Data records
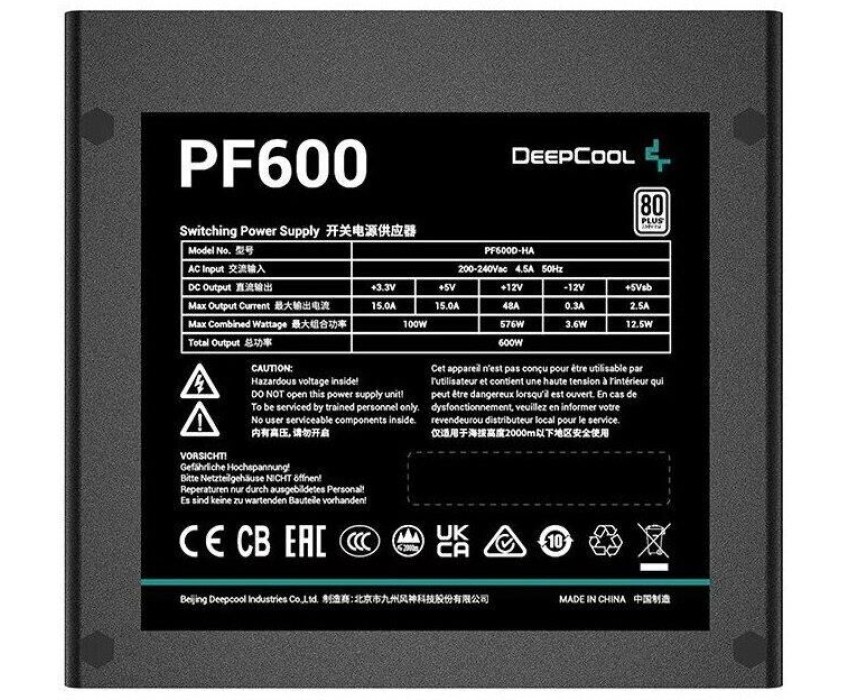 Блок питания DEEPCOOL Блок питания PF600 80+ (ATX 2.4 600W, PWM 120mm fan, 80 PLUS, Active PFC) RET
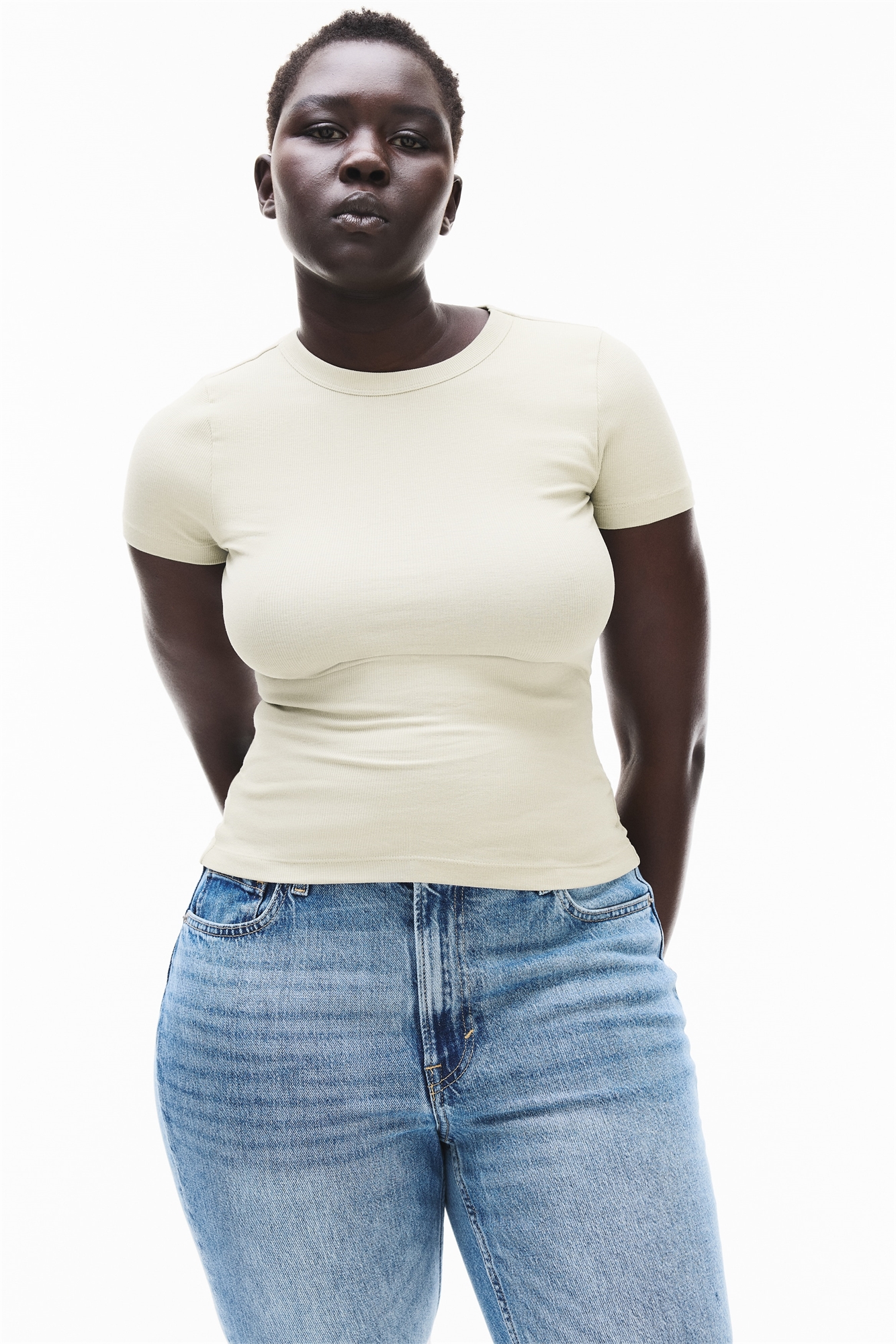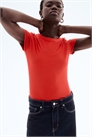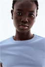 Облегающая футболка из мягкого джерси из смеси хлопка и модала с узкой окантовкой по вырезу горловины и прямым подолом.
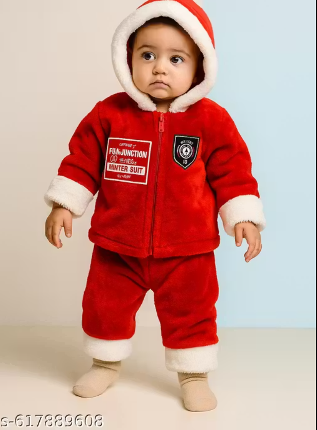 Fun Junction Winter Suit for Infants, Red Hooded Snowsuit with Fur Trim, Warm Fleece Holiday Outfit
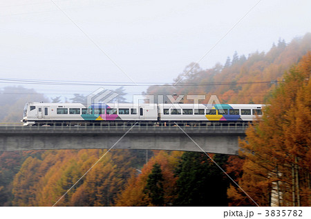 紅葉の中すれ違う特急E257系あずさと185系はまかいじ 中央線 富士見-信濃境
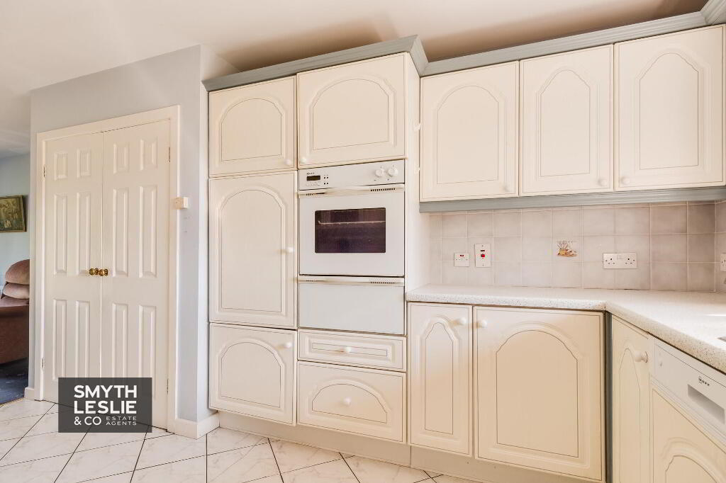 Fitted kitchen with a range of high & low level units, glazed unit, integrated hob, oven & grill, dishwasher, fridge,extractor fan hood, s.s.sink unit, breakfast bar, part tiled floor & splash back, hot press, sliding patio door to patio area & private garden
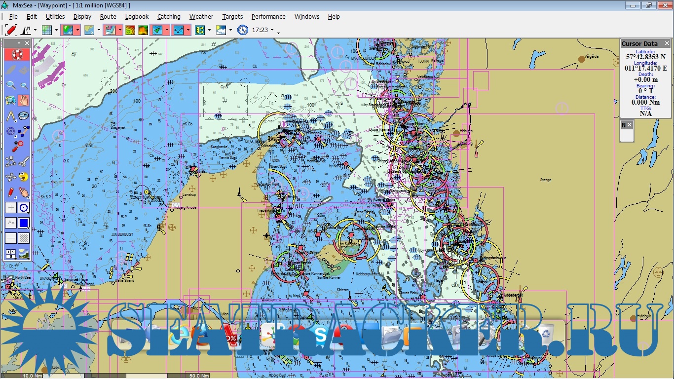 Marine Navigation System, working with raster and vector maps of Mapmedia, Maptech, ARCS, Softcharts, Jeppesen C-Map CM93 v3, as well as 3D depth maps.
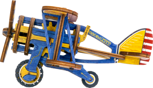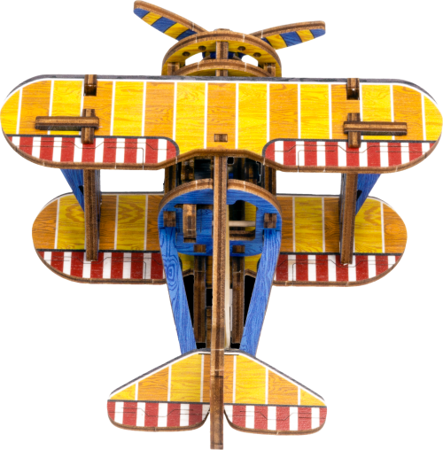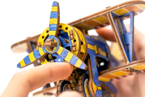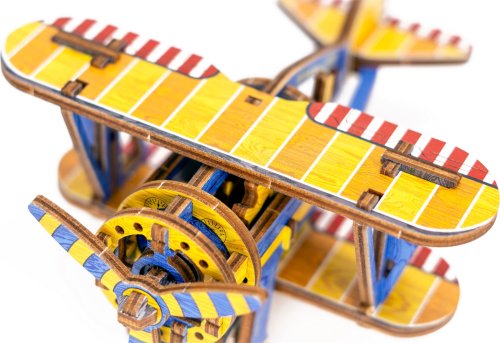 Drevená mechanická stavebnica skvelého dvojplošníka na vás čaká! Vďaka jedinečnému dizajnu a prekvapivým detailom tohto modelu bude vaše trávenie času plné zábavy a skvelých emócií. Vlastnosti modelu: - vďaka zotrvačnému mechanizmu môže prejsť až 1 meter, - motor poháňaný gumičkovým remeňom, - navíjacia vrtuľa, - výrazné farebné prvky vďaka vysoko presnej UV tlači, - drevená krabička slúži ako podstavec, - zberateľská edícia. 3D puzzle WOODEN CITY Biplane bude najlepším darčekom pre každého milovníka letectva. Obtiažnosť: 3 z 5 (podľa rozdelenia Wooden City) Orientačná doba na zloženie: 3 hodiny Mierka: 1:60 Drevené 3D puzzle WOODEN CITY sú detailne prepracované funkčné mechanické modely, ktoré sa skladajú bez lepidla alebo náradia. Sú vyrobené z ekologických drevených materiálov - kvalitné brezové preglejky. S mechanickými drevenými puzzle WOODEN CITY zažijete hodiny zábavy pri skladaní a spoznáte prevody, gumičkové motory, ozubené kolieska a ďalšie súčiastky z bezprostrednej blízkosti.
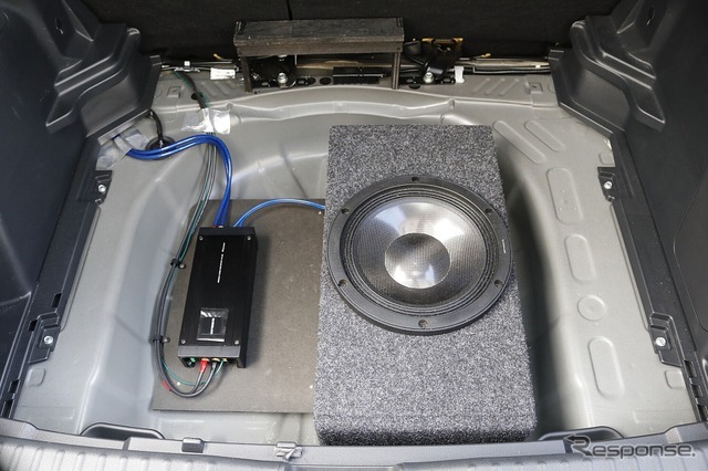 ラゲッジのフロアパネルを外すとフロア下からサブウーファーとパワーアンプが現れる、シンプルなレイアウトとした。
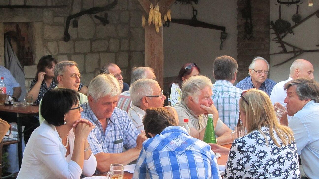 Die beiden NÖAAB-Bezirksparteiobleute Bundesrat Gerhard Schödinger (Bruck) und LAbg. Christoph Kainz (Baden) durften den neuen NÖAAB-Landesgeschäftsführer BR Bernhard Ebner und Nationalrat August Wöginger (Generalsekretär des ÖAAB) gemeinsam mit Funktionären aus beiden Bezirken zu einer Konferenz in gemütlicher Atmosphäre beim Heurigen in Deutsch Brodersdorf einladen, um sich nach der Sommerpause für die NRW 2013 gemeinsam zu rüsten. Die beiden NÖAAB-Spitzenkandidaten des Bezirks Bruck (Renate Kousal) und des Bezirks Baden (Johann Zöhling) für die NRW 2013 konnten sich dabei ebenfalls kurz vorstellen.
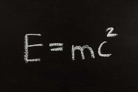 E=mc2. Theory of relativity written on a chalkboard
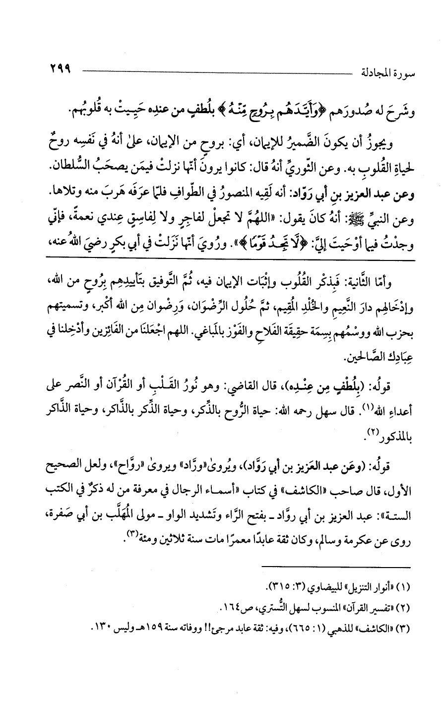 وأما الثانية: فبذكر القلوب وإثبات الإيمان فيه، ثم التوفيق بتأييدهم بروح من الله، وإدخالهم دار النعيم والخلد المقيم، ثم حلول الرضوان، ورضوان من الله أكبر، وتسميتهم بحزب الله ووسمهم بسمة حقيقة الفلاح والفوز بالمباغي. اللهم اجعلنا من الفائزين وأدخلنا في عبادك الصالحين.
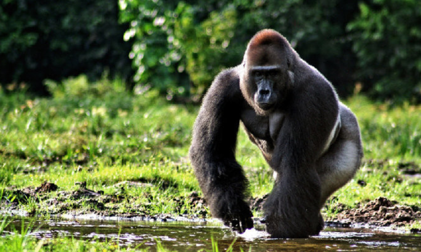 大猩猩体型比黑猩猩、猩猩都要大得多,是最大的类人猿,也是最大的灵长类动物。大猩猩的身体极为粗壮、剽悍和鲁莽,身高与人类相差不多,但体重则要大得多。一般全身被黑色长毛,但面部、耳朵、手足等均无毛,也没有须毛,颜面皮肤皱褶很多,长相十分丑陋而凶恶。头大,额低,头顶部有发达的矢状脊,雄兽还有较厚的冠垫,所以显得高大隆起如塔,眉脊高耸。双眼深深凹陷,距离较宽,眼膜为褐色。鼻梁塌陷,鼻孔特大而且具有光泽,有隆起的褶状鼻翼。耳朵很小。吻部突出,嘴巴很大,犬齿发达,如同老虎的獠牙一般。齿式与人类同。肩膀又宽又圆,脖子、四肢都异常粗壮,前肢长于后肢,垂立时过膝,两臂伸开时可达272厘米。手掌宽阔,拇指短粗,足为跖行性,大趾粗厚,较大程度地外展。没有尾巴,也没有胼胝和颊囊。
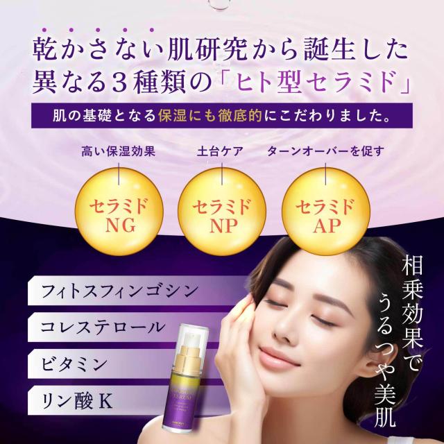 驚異的な1滴に5兆個のリポソームが高濃度に凝縮された贅沢な美容液です。極上のAMONAのスペシャルセラムで輝きを最大限に引き出します。
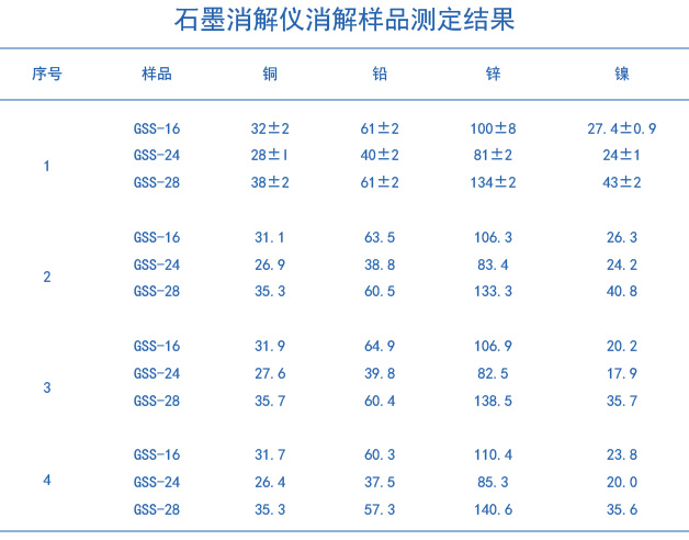 分別準(zhǔn)確稱取(GSS-16)、(GSS-24)、(GSS-28)標(biāo)準(zhǔn)樣品各為0.200g置于聚四氟乙烯消解管中,用少量水濕潤,加入一定比例的硝酸、高氯酸、氫氟酸和鹽酸,按照無線平板上的程序升溫加熱(升溫程序如下圖表1所示),消解管加蓋,上機消解,開蓋,繼續(xù)趕酸至消解管內(nèi)只剩下透明粘稠近干膏狀物,待消解管溫度降至室溫,取出消解管在通風(fēng)櫥中,用慢速定量濾紙將消解后溶液過濾并用高純水定容至25mL容量瓶內(nèi),上機測定。樣品做三個平行,同時做試劑空白。
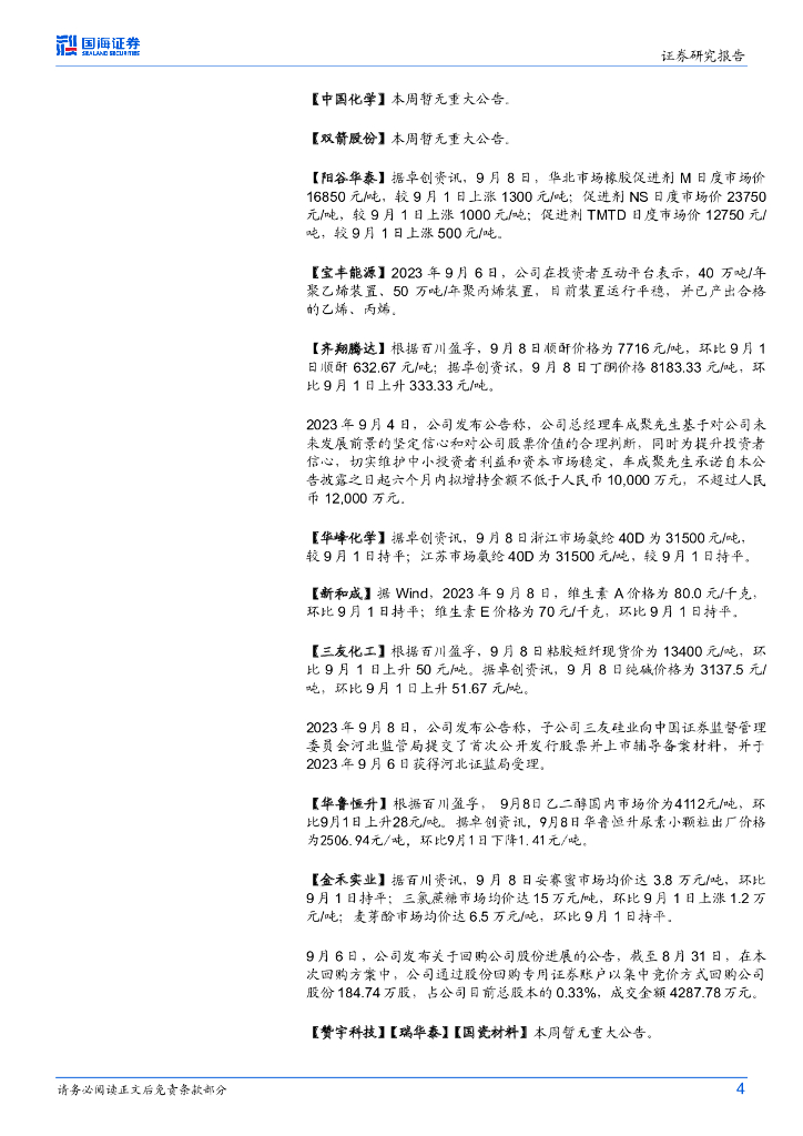 国海证券:基础化工行业周报:硫酸、浓硝酸价格上涨,赛轮转债暂不强赎.pdf
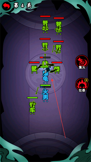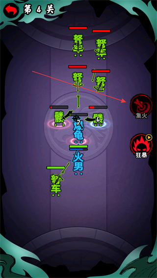 2、战斗中操控己方角色爆龟、火勇等攻击敌方单位,利用“集火”技能集中火力打击单个敌人,快速削减其血量。
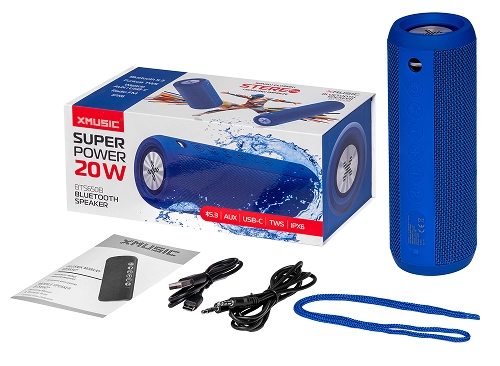 Głośnik mobilny XMUSIC BTS650, przewód USB-A/USB-C, przewód AUX 3,5mm, instrukcja obsługi z warunkami gwarancji.
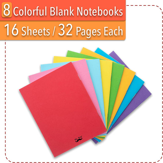 Colorful Blank Books, 4.2 x 5.5 Inches, 32 Pages, 8 Pack, Blank Notebooks for Kids, Mini Notebooks for Kids, Mini Journal for Students, Blank Journal for Kids, Unlined Notebook, Kids Journal
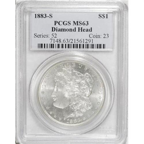 <B>1883-S $1 MS63 PCGS.</B></I> Ex: Diamond Head. A lustrous, boldly struck, and brilliant representative that has a clean reverse and a smooth obverse field. Moderate facial marks decide the grade.<BR><I>From the Diamond Head Registry Set of Prooflike Dollars.</B></I><BR><BR><B>Coin Engraver:</B> George T. Morgan<BR><BR><b>Shipping:</b> Coins & Currency (<a target="_blank" href="http://www.heritageauctions.com/common/shipping.php">view shipping information</a>\)
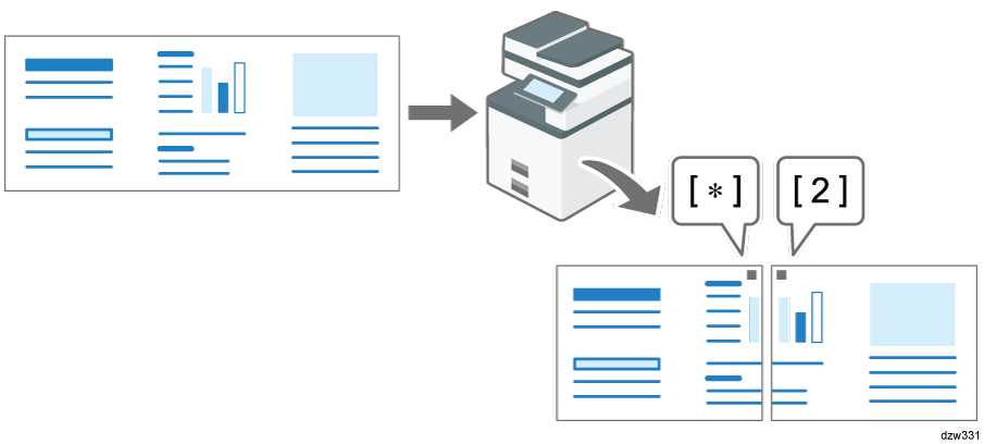 页面被分割并打印在多张纸上。将在页面被分割的位置打印配准标记(*),并且在两张纸上重复打印分割线周围约 10 毫米(0.4 英寸)的区域。当纸张与接收页面的宽度偏差小于 20 毫米(0.8 英寸)时

ACTIVITY:
Using the records above, print exactly the run of lines that starts with the line with "Die beiden NÖAAB-Bezirksparteiobleute" and goes on through the line with "Colorful Blank Books, 4.2", pictures excluded.

ANSWER:
 Die beiden NÖAAB-Bezirksparteiobleute Bundesrat Gerhard Schödinger (Bruck) und LAbg. Christoph Kainz (Baden) durften den neuen NÖAAB-Landesgeschäftsführer BR Bernhard Ebner und Nationalrat August Wöginger (Generalsekretär des ÖAAB) gemeinsam mit Funktionären aus beiden Bezirken zu einer Konferenz in gemütlicher Atmosphäre beim Heurigen in Deutsch Brodersdorf einladen, um sich nach der Sommerpause für die NRW 2013 gemeinsam zu rüsten. Die beiden NÖAAB-Spitzenkandidaten des Bezirks Bruck (Renate Kousal) und des Bezirks Baden (Johann Zöhling) für die NRW 2013 konnten sich dabei ebenfalls kurz vorstellen.
 E=mc2. Theory of relativity written on a chalkboard
 وأما الثانية: فبذكر القلوب وإثبات الإيمان فيه، ثم التوفيق بتأييدهم بروح من الله، وإدخالهم دار النعيم والخلد المقيم، ثم حلول الرضوان، ورضوان من الله أكبر، وتسميتهم بحزب الله ووسمهم بسمة حقيقة الفلاح والفوز بالمباغي. اللهم اجعلنا من الفائزين وأدخلنا في عبادك الصالحين.
 大猩猩体型比黑猩猩、猩猩都要大得多,是最大的类人猿,也是最大的灵长类动物。大猩猩的身体极为粗壮、剽悍和鲁莽,身高与人类相差不多,但体重则要大得多。一般全身被黑色长毛,但面部、耳朵、手足等均无毛,也没有须毛,颜面皮肤皱褶很多,长相十分丑陋而凶恶。头大,额低,头顶部有发达的矢状脊,雄兽还有较厚的冠垫,所以显得高大隆起如塔,眉脊高耸。双眼深深凹陷,距离较宽,眼膜为褐色。鼻梁塌陷,鼻孔特大而且具有光泽,有隆起的褶状鼻翼。耳朵很小。吻部突出,嘴巴很大,犬齿发达,如同老虎的獠牙一般。齿式与人类同。肩膀又宽又圆,脖子、四肢都异常粗壮,前肢长于后肢,垂立时过膝,两臂伸开时可达272厘米。手掌宽阔,拇指短粗,足为跖行性,大趾粗厚,较大程度地外展。没有尾巴,也没有胼胝和颊囊。
 驚異的な1滴に5兆個のリポソームが高濃度に凝縮された贅沢な美容液です。極上のAMONAのスペシャルセラムで輝きを最大限に引き出します。
 分別準(zhǔn)確稱取(GSS-16)、(GSS-24)、(GSS-28)標(biāo)準(zhǔn)樣品各為0.200g置于聚四氟乙烯消解管中,用少量水濕潤,加入一定比例的硝酸、高氯酸、氫氟酸和鹽酸,按照無線平板上的程序升溫加熱(升溫程序如下圖表1所示),消解管加蓋,上機消解,開蓋,繼續(xù)趕酸至消解管內(nèi)只剩下透明粘稠近干膏狀物,待消解管溫度降至室溫,取出消解管在通風(fēng)櫥中,用慢速定量濾紙將消解后溶液過濾并用高純水定容至25mL容量瓶內(nèi),上機測定。樣品做三個平行,同時做試劑空白。
 国海证券:基础化工行业周报:硫酸、浓硝酸价格上涨,赛轮转债暂不强赎.pdf
 2、战斗中操控己方角色爆龟、火勇等攻击敌方单位,利用“集火”技能集中火力打击单个敌人,快速削减其血量。
 Głośnik mobilny XMUSIC BTS650, przewód USB-A/USB-C, przewód AUX 3,5mm, instrukcja obsługi z warunkami gwarancji.
 Colorful Blank Books, 4.2 x 5.5 Inches, 32 Pages, 8 Pack, Blank Notebooks for Kids, Mini Notebooks for Kids, Mini Journal for Students, Blank Journal for Kids, Unlined Notebook, Kids Journal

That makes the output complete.